__DIRECTIONS FOR THIS TASK__
Set the records down again exactly, apart from any pictures in them.

__Items from a dataset__
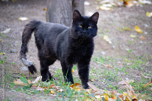 black cat, cat, autumn, leaf, felino, standing, alert, animal, pet, nature, outdoors, park, fall, grass, domestic cat, wildlife, fur, green, earth-tone, natural, curiosity, mammal, whisker, ground, foliage, seasonal, paw, solitary, observing, backyard, relaxed, peaceful, animal portrait, calm
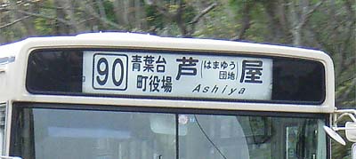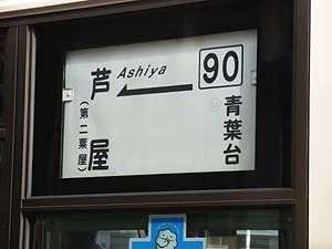 ちなみにこれが私の乗ったバスの行先表示。 芦屋方面に行くバスは必ず「芦屋」の表示がある模様。 逆に芦屋の文字が無ければそのバスは芦屋に行きっこないというワケで、分かりやすい。 |
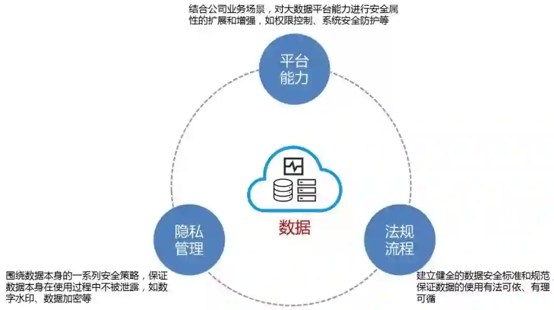 以终为始,我们在构建数据安全体系的指导原则就是,明确“让数据更加安全的被使用”的目标,打造以“数据”为中心,结合“平台能力”、“隐私管理”、“法规流程”三个要素,构建具有公司特色的数据安全体系,系统化解决数据安全问题,发挥数据的更大价值。
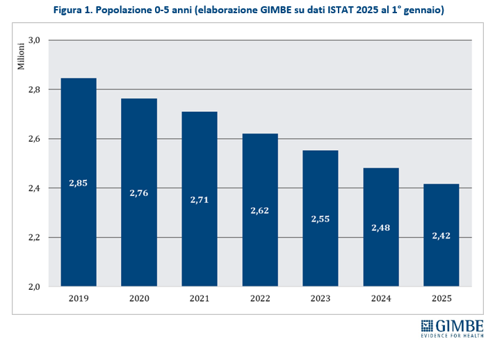 Il progressivo calo delle nascite sta modificando in modo significativo la platea di assistiti dei PLS. I dati ISTAT documentano una costante riduzione dei bambini della fascia 0-5 anni, per la quale l’iscrizione al PLS è obbligatoria: tra il 1° gennaio 2019 e il 1° gennaio 2025 si contano circa 430 mila potenziali assistiti in meno per i PLS (figura 1). “Di conseguenza nello stesso periodo – osserva il Presidente – il crollo delle nascite ha ridotto, su scala nazionale, il fabbisogno di PLS di oltre 500 unità in soli 6 anni”. Nel 2023 si sono registrati in Italia 379.890 nuovi nati, mentre 570.894 adolescenti hanno compiuto 14 anni. Considerando che il 57,5% della fascia 6-13 anni risulta ancora iscritto ai PLS, si stima che 328.264 assistiti siano transitati dai PLS ai MMG, a fronte di quasi 380 mila nuovi nati iscritti ai PLS. Il saldo comporta un incremento netto di oltre 50.000 assistiti per i PLS, con un conseguente aumento del carico assistenziale.
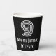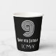 El diseño de la copa de papel temático inspirado en el estilo de los años 20-30 presenta un gran estilo Art Déco inspirado en el número "9", además del mensaje de bienvenida de cumpleaños "Feliz noveno cumpleaños" y un nombre personalizado. El fondo es negro de color. Las tazas de papel temáticas de cumpleaños como esta pueden ser divertidas de usar en un fiesta que está siendo retenido por alguien que está celebrando su noveno cumpleaños. [~Z0000542]
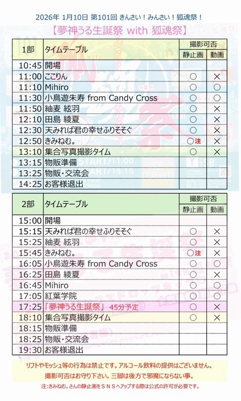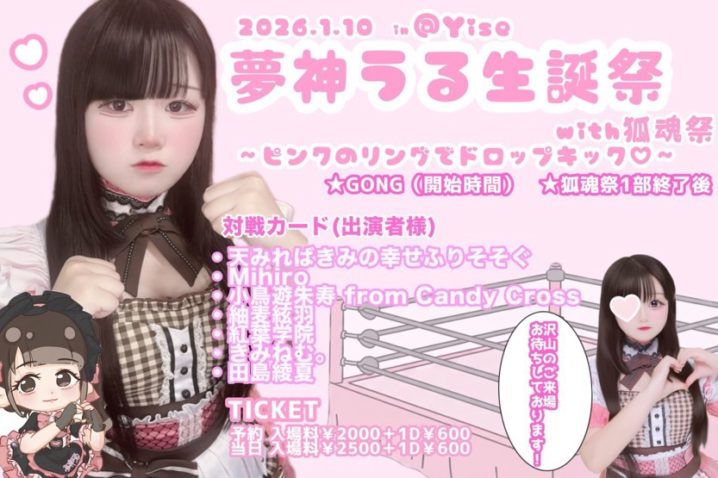 2026.01.07 LIVE情報 info@you-project.jp 【1/10】『夢神うる生誕祭with狐魂祭』 Twitter Facebook はてブ LINE Pocket 1/10(土)第101回 きんさい!みんさい!狐魂祭!『夢神うる生誕祭with狐魂祭』 会場:Yise時間:OP15:00/ST15:15※紅葉学院は2部のみ出演料金:前売2000円/当日2500円+1D 予約▽tiget.net/events/454690 シェア! Twitter Facebook はてブ LINE Pocket feedly
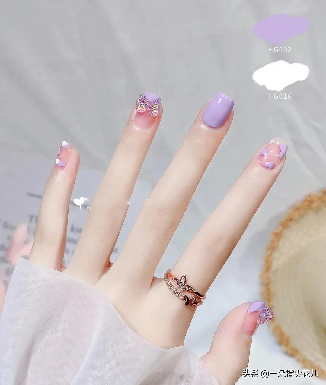 第七款:藕荷紫色花爱心彩绘,法式半甲,云朵色块。搭配树脂激光蝴蝶结。
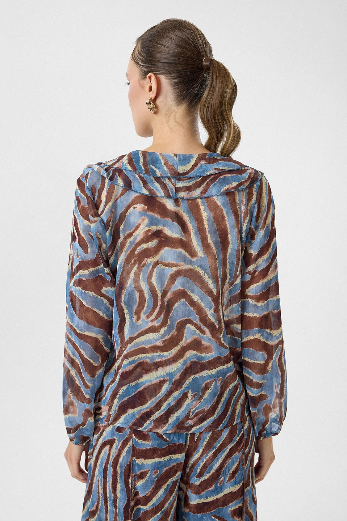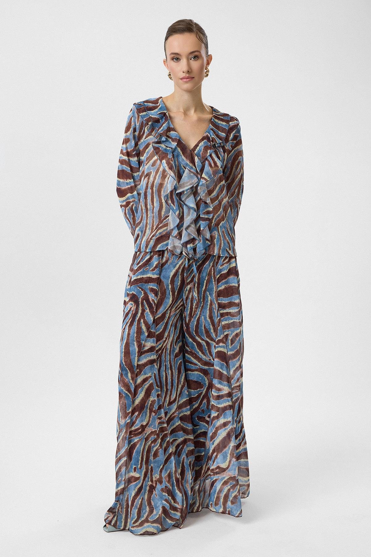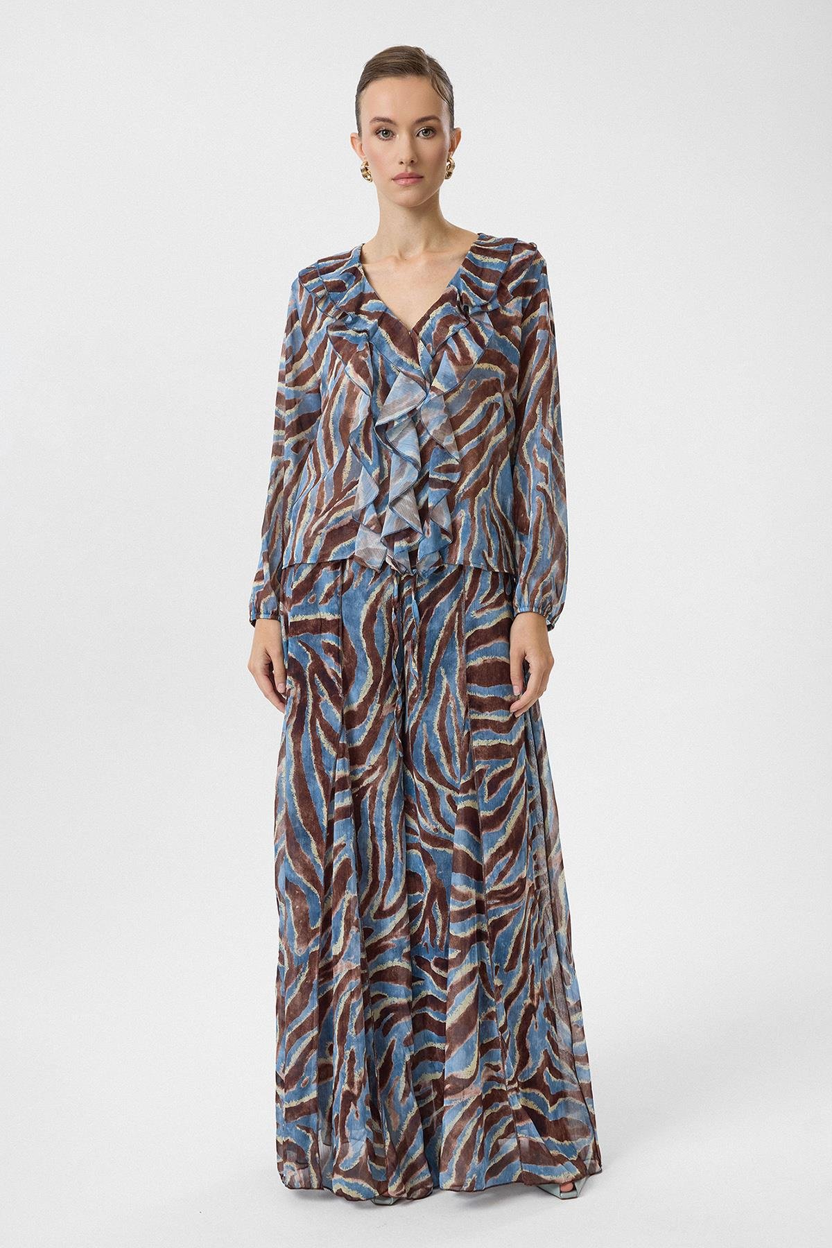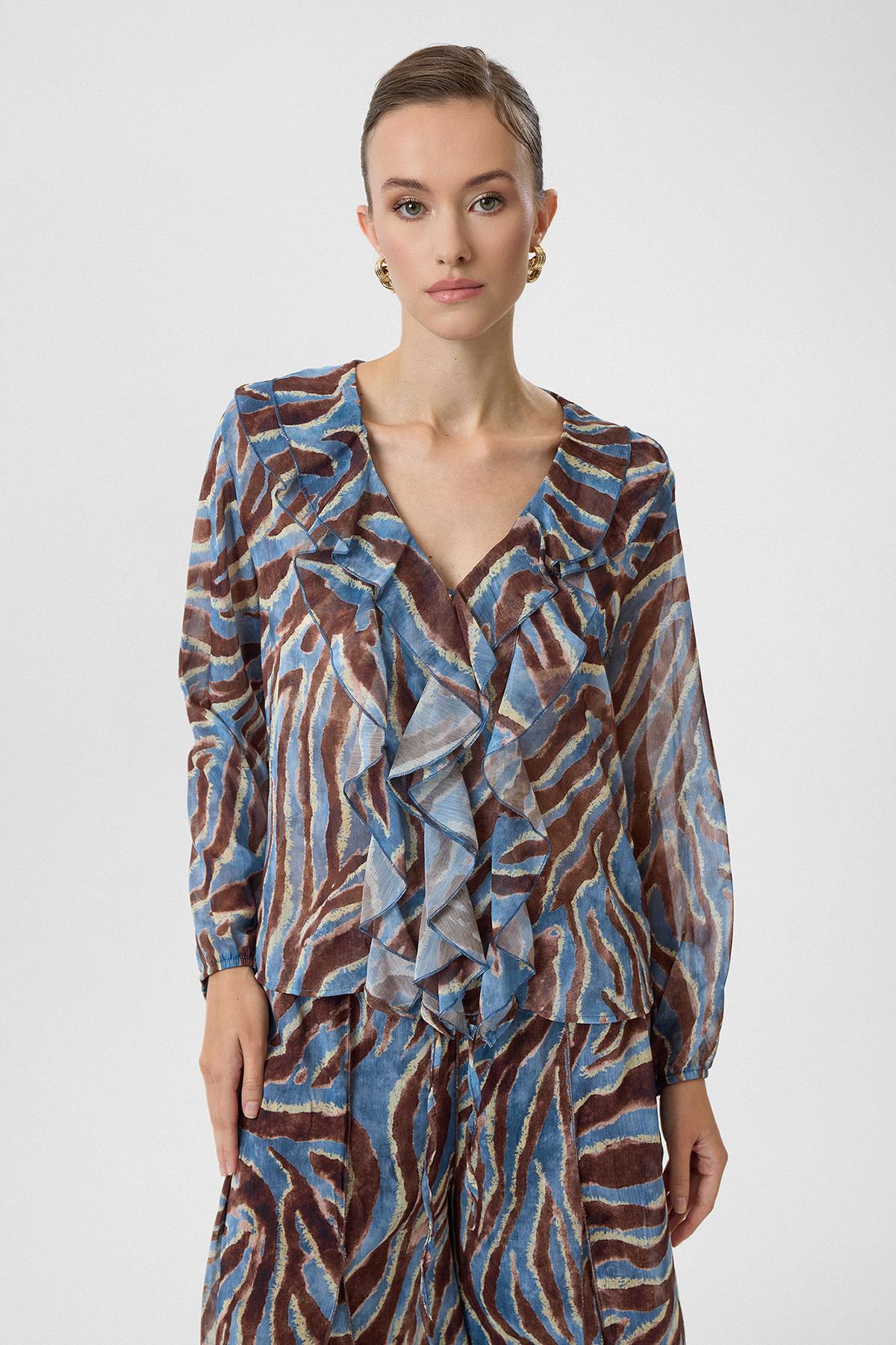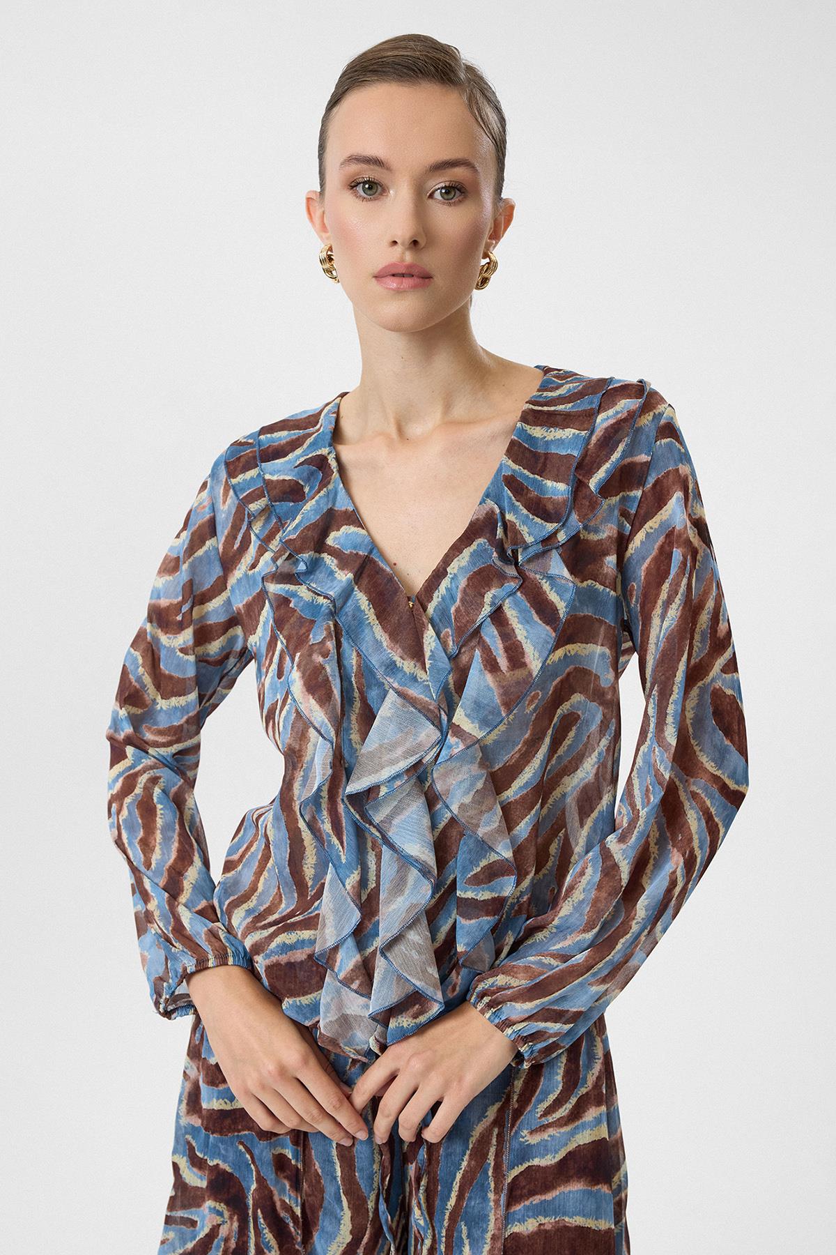 Volanlı Desenli Şifon Bluz (BLZ0084K)

__REPLY__
 black cat, cat, autumn, leaf, felino, standing, alert, animal, pet, nature, outdoors, park, fall, grass, domestic cat, wildlife, fur, green, earth-tone, natural, curiosity, mammal, whisker, ground, foliage, seasonal, paw, solitary, observing, backyard, relaxed, peaceful, animal portrait, calm
 ちなみにこれが私の乗ったバスの行先表示。 芦屋方面に行くバスは必ず「芦屋」の表示がある模様。 逆に芦屋の文字が無ければそのバスは芦屋に行きっこないというワケで、分かりやすい。 |
 以终为始,我们在构建数据安全体系的指导原则就是,明确“让数据更加安全的被使用”的目标,打造以“数据”为中心,结合“平台能力”、“隐私管理”、“法规流程”三个要素,构建具有公司特色的数据安全体系,系统化解决数据安全问题,发挥数据的更大价值。
 Il progressivo calo delle nascite sta modificando in modo significativo la platea di assistiti dei PLS. I dati ISTAT documentano una costante riduzione dei bambini della fascia 0-5 anni, per la quale l’iscrizione al PLS è obbligatoria: tra il 1° gennaio 2019 e il 1° gennaio 2025 si contano circa 430 mila potenziali assistiti in meno per i PLS (figura 1). “Di conseguenza nello stesso periodo – osserva il Presidente – il crollo delle nascite ha ridotto, su scala nazionale, il fabbisogno di PLS di oltre 500 unità in soli 6 anni”. Nel 2023 si sono registrati in Italia 379.890 nuovi nati, mentre 570.894 adolescenti hanno compiuto 14 anni. Considerando che il 57,5% della fascia 6-13 anni risulta ancora iscritto ai PLS, si stima che 328.264 assistiti siano transitati dai PLS ai MMG, a fronte di quasi 380 mila nuovi nati iscritti ai PLS. Il saldo comporta un incremento netto di oltre 50.000 assistiti per i PLS, con un conseguente aumento del carico assistenziale.
 El diseño de la copa de papel temático inspirado en el estilo de los años 20-30 presenta un gran estilo Art Déco inspirado en el número "9", además del mensaje de bienvenida de cumpleaños "Feliz noveno cumpleaños" y un nombre personalizado. El fondo es negro de color. Las tazas de papel temáticas de cumpleaños como esta pueden ser divertidas de usar en un fiesta que está siendo retenido por alguien que está celebrando su noveno cumpleaños. [~Z0000542]
 2026.01.07 LIVE情報 info@you-project.jp 【1/10】『夢神うる生誕祭with狐魂祭』 Twitter Facebook はてブ LINE Pocket 1/10(土)第101回 きんさい!みんさい!狐魂祭!『夢神うる生誕祭with狐魂祭』 会場:Yise時間:OP15:00/ST15:15※紅葉学院は2部のみ出演料金:前売2000円/当日2500円+1D 予約▽tiget.net/events/454690 シェア! Twitter Facebook はてブ LINE Pocket feedly
 第七款:藕荷紫色花爱心彩绘,法式半甲,云朵色块。搭配树脂激光蝴蝶结。
 Volanlı Desenli Şifon Bluz (BLZ0084K)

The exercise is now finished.